Hello,
I’m trying to dive into PyMC3 source code and I’d like to check my understanding of what is done by Model.logpt()
. Let (x_1,\ldots,x_n) denote the model’s variables, divided into observable variables \mathbf y and free variables \mathbf z.
This is my guess at what logpt()
does:
- it’s goal is computing the log of the unnormalized posterior (since this is what we need for MAP and MCMC)

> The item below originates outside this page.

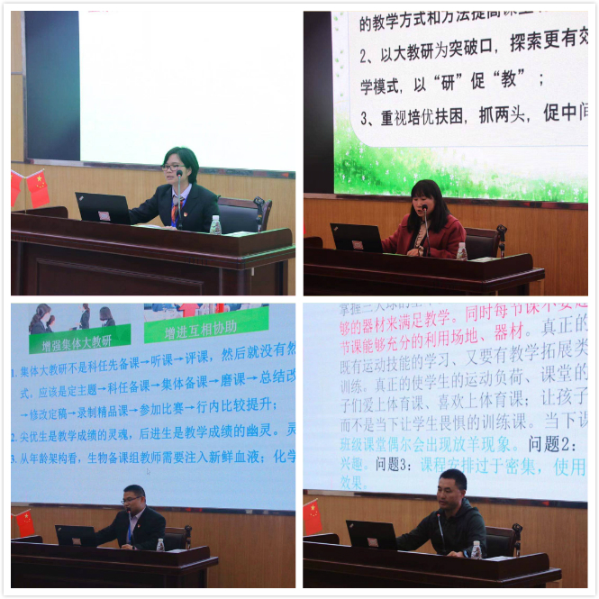 隨后,各科組長(zhǎng)逐一上臺(tái)匯報(bào),針對(duì)本學(xué)期科組的教研工作進(jìn)行了全面的梳理。同時(shí)圍繞一學(xué)期來(lái)科組開(kāi)展的教學(xué)常規(guī)、教學(xué)研究、科組活動(dòng)、競(jìng)賽輔導(dǎo)等各項(xiàng)工作存在的不足以及解決措施進(jìn)行了深入淺出的總結(jié)說(shuō)明。各科組的總結(jié)說(shuō)明,理清了工作思路,明確了今后工作的重點(diǎn),為學(xué)校下學(xué)期教育教學(xué)及科組工作的開(kāi)展、教學(xué)質(zhì)量的提升奠定了堅(jiān)實(shí)的基礎(chǔ)。

- the unnormalized posterior is proportional to the joint after clamping the observed variables to their values: p(\mathbf y|\mathbf z) \propto p(\mathbf z, \mathbf y), so to get the log-unnormalized-posterior it suffices to implement the computation of the joint
- the joint probability is computed using the chain rule relative to the DAG defined by the model: p(x_1,\ldots,x_n) = \prod_i p(x_i|\mathrm{pa}_{x_i}) where \mathrm{pa}_{x_i} can include both observed and free nodes
-
logpt
adds together the logs of the local CPDs and clamps the observed variables to their values
For example take a simple DAG z_1 \rightarrow y_1 \rightarrow z_2 and let y_1 = y_1^* denote the observations, then logpt()
encodes the function (z_1,z_2) \mapsto \log p(z_1,z_2, y_1^*) =\log p(z_2|y_1^*) +\log p(y_1^*|z_1) + \log p(z_1)
Is this correct? Thanks a lot
(Side question: is FreeRV
used as a synonym for “hidden variable”?).